Detailed Input Requirements

  1. LD Data (data/block_ld/):

    • Files: block0.ld, block1.ld, etc.
    • Metadata: block_brkpts.txt (required, indices of right boundaries of the split LD blocks, with one index on each line), blocks_meta.csv (optional)
    • If not splitting LD: use a single LD "block", and a breakpoint file with a single value denoting the number of variants (should be the same as the length of LD).
  2. GWAS Data (data/gwa/):

    • Files: gwas_[TRAIT].csv with columns BETA (GWA effect) and SE (standard error); other columns are optional
  3. Gene Annotation (data/genelist.csv):

    • CSV file with required columns: CHR, GENE, START, END, SNP_FIRST (index of the first variant considered in this gene), and SNP_LAST (index of the last variant)

Detailed Output Information

  1. Shrinkage results: regularized_effects_X.txt, regularized_effects_Y.txt

    • Each line corresponds to the regularized effect of one variant, for a total of M variants.
  2. Visualization of shrinkage results: shrinkage_X.png, shrinkage_Y.png

    • The plots show the effects before and after shrinkage for the M variants along the genome.
  3. Clustering results: univar_X_cls.txt, univar_X_pi.txt, univar_X_Sigma.txt, univar_X_zc.txt; univar_Y_cls.txt, univar_Y_pi.txt, univar_Y_Sigma.txt, univar_Y_zc.txt; multivar_X-Y_cls.txt, multivar_X-Y_pi.txt, multivar_X-Y_Sigma.txt, multivar_X-Y_zc.txt

    • The *_cls.txt file contains the cluster label for each variant, where a label of -1 denotes the nearly-zero effect that is not considered in the clustering, and the cluster labels start from index 0.
    • The *_pi.txt file contains the mixing coefficient $\pi$ of the clusters.
    • The *_Sigma.txt file contains the covariance matrices of clusters. Each line records the covariance of one cluster, and if it's multivariate, the matrix is flattened in row-major order with entries separated by comma.
    • The *_zc.txt file contains a single value used as the zero-cutoff for the regularized effect values for determining which variants to be included in the clustering: Only variants with effects greater than this value are considered.
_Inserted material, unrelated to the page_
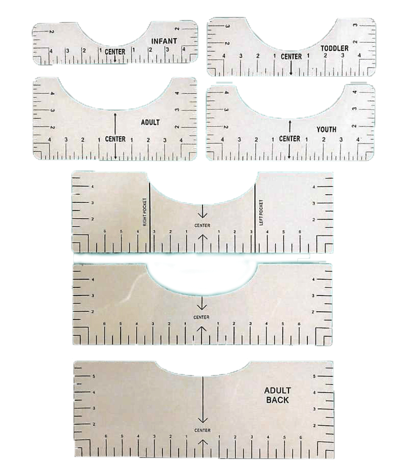 プレス加工時の転写位置合わせには熟練が必要ですが、「GRID IT」を使えば簡単に正確な配置が可能です。首元に設置することで中心や左右の位置を確認でき、7枚セットで背面用も含み、ほとんどのサイズに対応します

This value is dynamically determined by the total number of variants so that a reasonable proportion of them are ''non-zero''.
  4. Visualization of clustering results: clustering_multivar_X-Y.png; clustering_univar_X.png, clustering_univar_Y.png

    • Variants are colored by clusters, and Gaussians inferred for each cluster are shown along the side in the same colors (for up to 2D Gaussian).
  5. Enrichment results: enrichment_X.csv, enrichment_Y.csv

    • Each result file has the same rows as in input gene_file, with 3 additional columns, 'P', 'STAT', and 'VAR', corresponding to the p-value, test statistics, and variance of test statistics of the gene-level enrichment test. If the dependency package chiscore can not be installed successfully, that is, gene-level test is not available, then p-values will be generated by an alternative testing method adapted from the original code of liu_sf() from the Python package chiscore, and the program will show a warning message "Using alternative method for linear-combination-of-chi-square test for gene-level test."

    multivar_gene_X-Y.csv

    • The multivariate gene-level result file contains the same rows as in input gene_file, with a couple additional columns:
      • 'size' is the same as 'N_SNPS', denoting the number of variants considered for the gene.
      • 'cls1_frac', ..., 'clsK_frac' (K columns): the fraction of variants in each gene that belong to each cluster, from cluster 1 to cluster K.
      • 'b1b1', 'b1b2', 'b2b2', etc. (K(K+1)/2 columns): sum of the product of regularized effects for each pair of traits (including a trait to itself) for all variants in the gene, divided by the gene size.
  6. Visualization of enrichment results: enrichment_X.png, enrichment_Y.png

    • The manhattan plot shows negative log of adjusted p-values for each gene along the genome.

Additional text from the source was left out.